A senior PA security official in Ramallah told The Jerusalem Post that he was unaware of any decision to deport Hamas members. The official accused the Hamas leadership of “lies and fabrications.”
Since Saturday, scores of Hamas officials and activists have been summoned to the headquarters of the PA’s General Intelligence Service in Ramallah, where they were reportedly informed that they may be deported.
Among those who were threatened with deportation are Sheikh Hussein Abu Kwaik, Aziz Kayed, Osama al- Hamad, Muhammad Hamdan, Khaled Ghaithan, Khalil Brafili, Ahmed Zeid, Yusef Kifaya, Khaldoun Barghouti and Ismail al-Wawi.

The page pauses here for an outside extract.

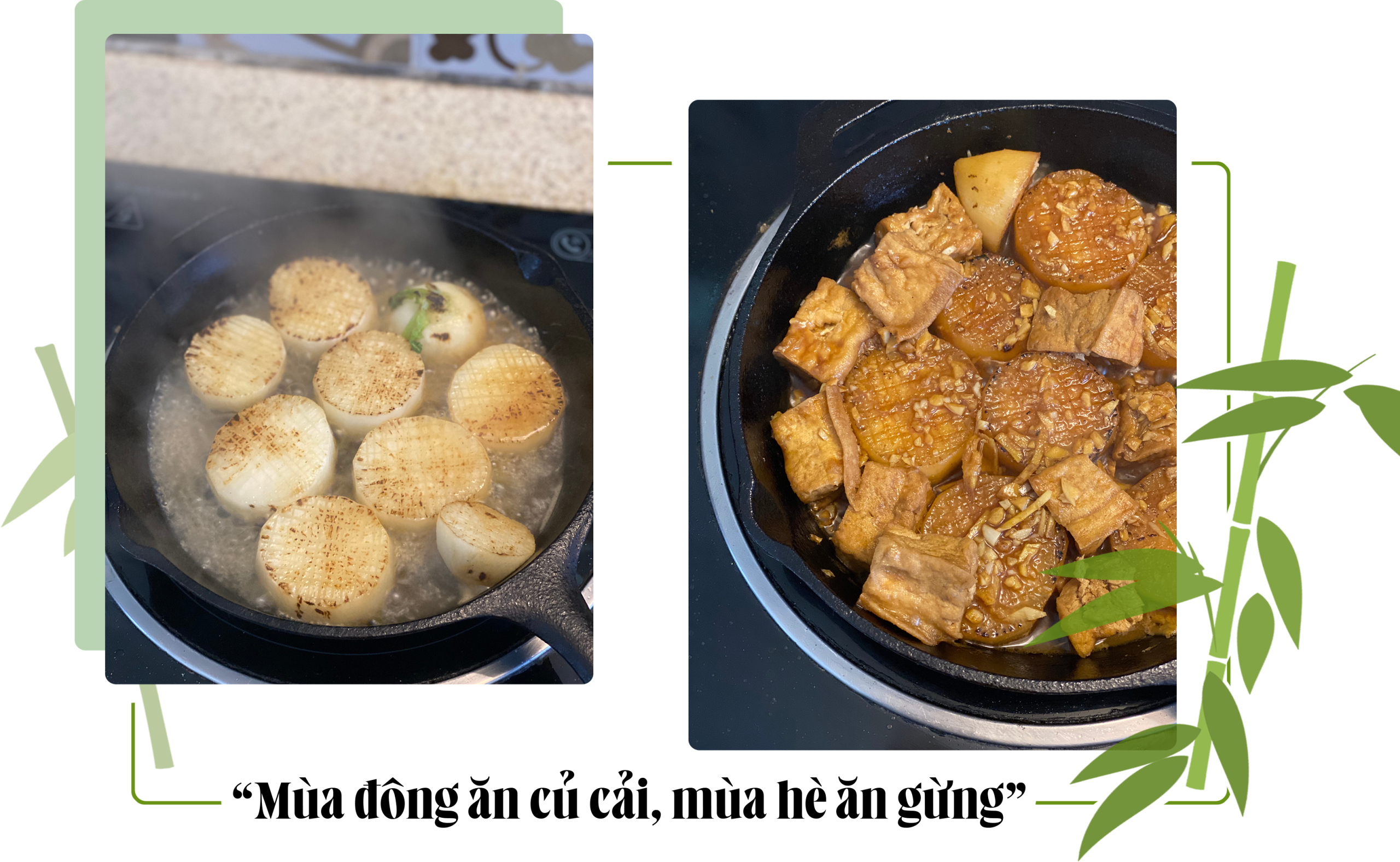 Ông bà có dạy: “Mùa đông ăn củ cải, mùa hè ăn gừng”. Theo như Đông Y, củ cải mang tính hàn, cay, nhưng khi được nấu đúng cách sẽ rất ngọt. Đây là loại củ thân thuộc với người Việt, có tính thải độc với bột bị tẩy trắng hoặc gạo xát trắng, hỗ trợ tiêu hoá, trị ho, và giúp ruột chuyển động mượt mà hơn. Gừng cũng là loại củ được sử dụng nhiều trong nấu ăn để kích thích sự thèm ăn, khử trùng và giải độc, phòng ngừa cảm lạnh mùa hè/mùa mưa (Tuy nhiên ăn gừng quá nhiều hoặc lạm dụng sẽ khiến cơ thể bị lạnh ngược từ bên trong nên cần lưu ý). Tương tamari là loại nước tương lên men thuần không có hoá chất. Miso là đậu tương lên men. Cả hai loại gia vị này đều có thể được tìm thấy dễ dàng ở các cửa hàng thực dưỡng.

Abu Kwaik, a senior political figure in Hamas, said that he and many of his colleagues were forced to wait for hours at the headquarters of the GIS before they were notified that they might be deported.

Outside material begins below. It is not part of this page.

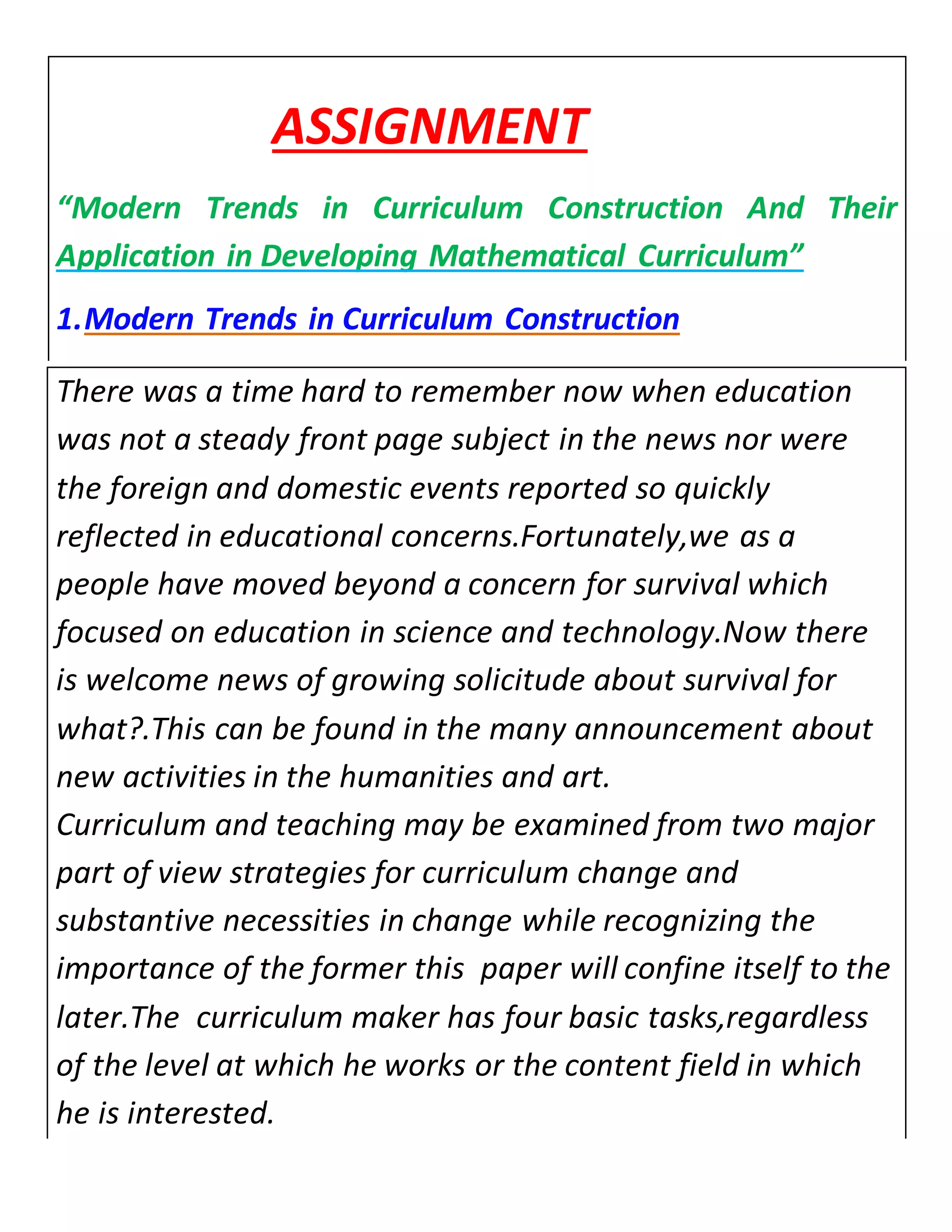 Modern trends in curriculum construction focus on respecting each individual and encouraging diversity. When developing mathematical curricula, reform groups have analyzed traditional programs and suggested improvements. They recommend introducing real numbers earlier and laying foundations for abstract algebra concepts. Curricula should integrate mathematics topics rather than separating them, and replace Euclidean geometry with algebraic treatments to reduce barriers between subjects. Many states in India have reviewed higher secondary curricula to incorporate interdisciplinary approaches due to mathematics' influence on other subjects. Some experts argue traditional Euclidean geometry is now obsolete and should be removed from high school curricula.

He described the threat as “ridiculous” and said he filed a complaint with a top Fatah official who was appointed by the PA leadership to investigate financial corruption and abuse of power.
“After a long wait, a security officer came out of the room and told us that we might be deported,” Abu Kwaik said. “The officer told us that we would have to fill out special forms requiring each one of us to choose the country he prefers to be deported to.”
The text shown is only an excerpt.